SHADDOCK v. MEDOFF.
This is an appeal by appellant from a judgment of nonsuit entered against her in an action for alienation of affections. The judgment of nonsuit entered on the court's own motion was granted on the ground that the evidence adduced by appellant impelled the conclusion that her action was barred by the statute of limitations; appellant having failed to file the same for more than one year after the accrual of her cause of action. It appears to be the rule in this state that the one-year period of limitation applies to actions for alienation of affections. Code Civ. Proc. § 340, subd. 3; Harp v. Ferrell, 115 Cal.App. 160, 300 P. 978; Davis v. Conant, (Cal.App.) 51 P.(2d) 151; Mohn v. Tingley, 191 Cal. 470, 471, 217 P. 733. We are convinced that a different conclusion from that made by the trial court cannot be drawn from the evidence. The uncontroverted evidence shows that appellant knew and believed that her husband's affections had been stolen from her in June of 1932, and that a separation actually occurred between appellant and her husband in August, 1932. The instant action was filed January 25, 1934. The following excerpt from the testimony indicates the reason for the delay in bringing of the action:
“The Court: You knew it in 1932? A: Yes, right along I knew.

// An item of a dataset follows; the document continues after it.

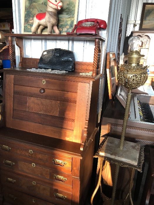 Antiques, Collectables, Sheet Music (Blues, Stomp, Jazz, Latin translated to English), Furniture including a Pair of Windsor Chairs from 1718, Drop Leaf labels, armoire, cherry wood furniture including a hutch, circa 1800 English Doctors Surrey, pair of Coatbridge, Scotland 15’ cast iron gas lamp posts w copper tops dated circa 1800.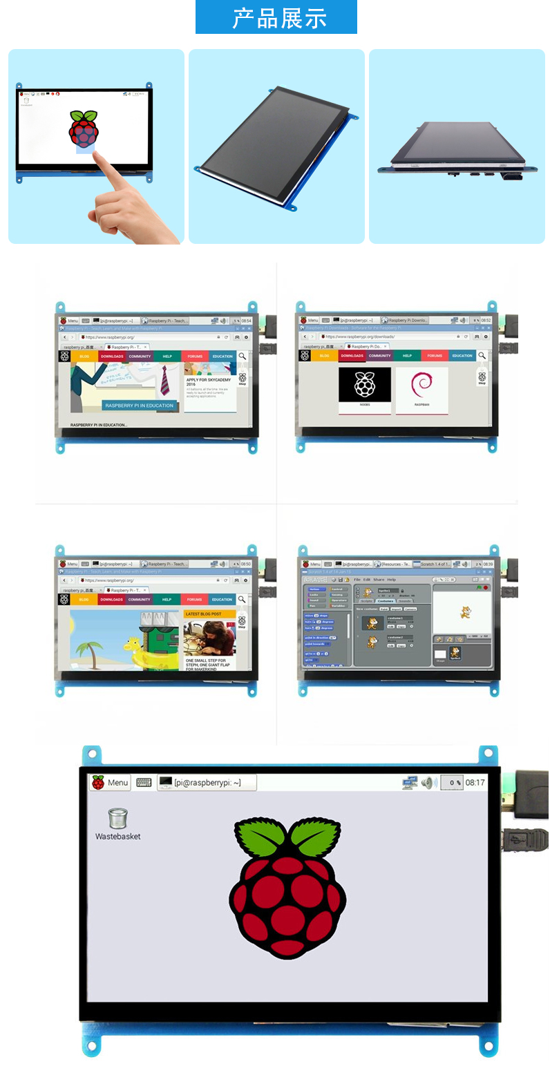 樹莓派1.44/2.8/3.5/5.0/7寸/10.1寸電容觸控顯示屏HDMI接口IPS屏

“The Court: If you wanted to sue this defendant for damages for alienating your husband's affections why did you wait until the 25th of January, 1934, to commence your action? A: Well, I thought he would come back home.”
Appellant also testified that her husband “took his things and got out of (the) house” in August, 1932, and did not establish a home for her after that date. The record also discloses that on February 3, 1933, appellant herein as plaintiff filed an action for divorce and alleged in her complaint for divorce that the date of separation was August 3, 1932. The evidence also shows that appellant's husband, commencing with August 3, 1932, remained away from the house, first once a week, then twice a week, and finally three or four nights a week. However, appellant insisted in some of her testimony that she and her husband actually lived together as husband and wife until December 25, 1932. This is partially borne out by a letter written to appellant by her husband in October of 1932, at a time when the appellant's husband was out of the city, in which letter he said in part as follows: “With love to you and the folks and wishing you and the folks a very happy and prosperous New Year, I remain, your hubby Joe.”
Accepting all of appellant's statements as the truth and for their full value, there is still no evidence of any kind indicating that the parties lived together intermittently or otherwise as husband and wife, or in any other manner, after December 25, 1932. The foregoing résumé of facts justifies but one reasonable conclusion, and that is that the parties did separate and the cause of action accrued prior to the 25th day of January, 1933. Since the action was not filed until January 25, 1934, it is clear that the statute of limitation had already run.
The judgment is affirmed.
ROTH, Justice pro tem.
We concur: YORK, Acting P. J.; DORAN, J.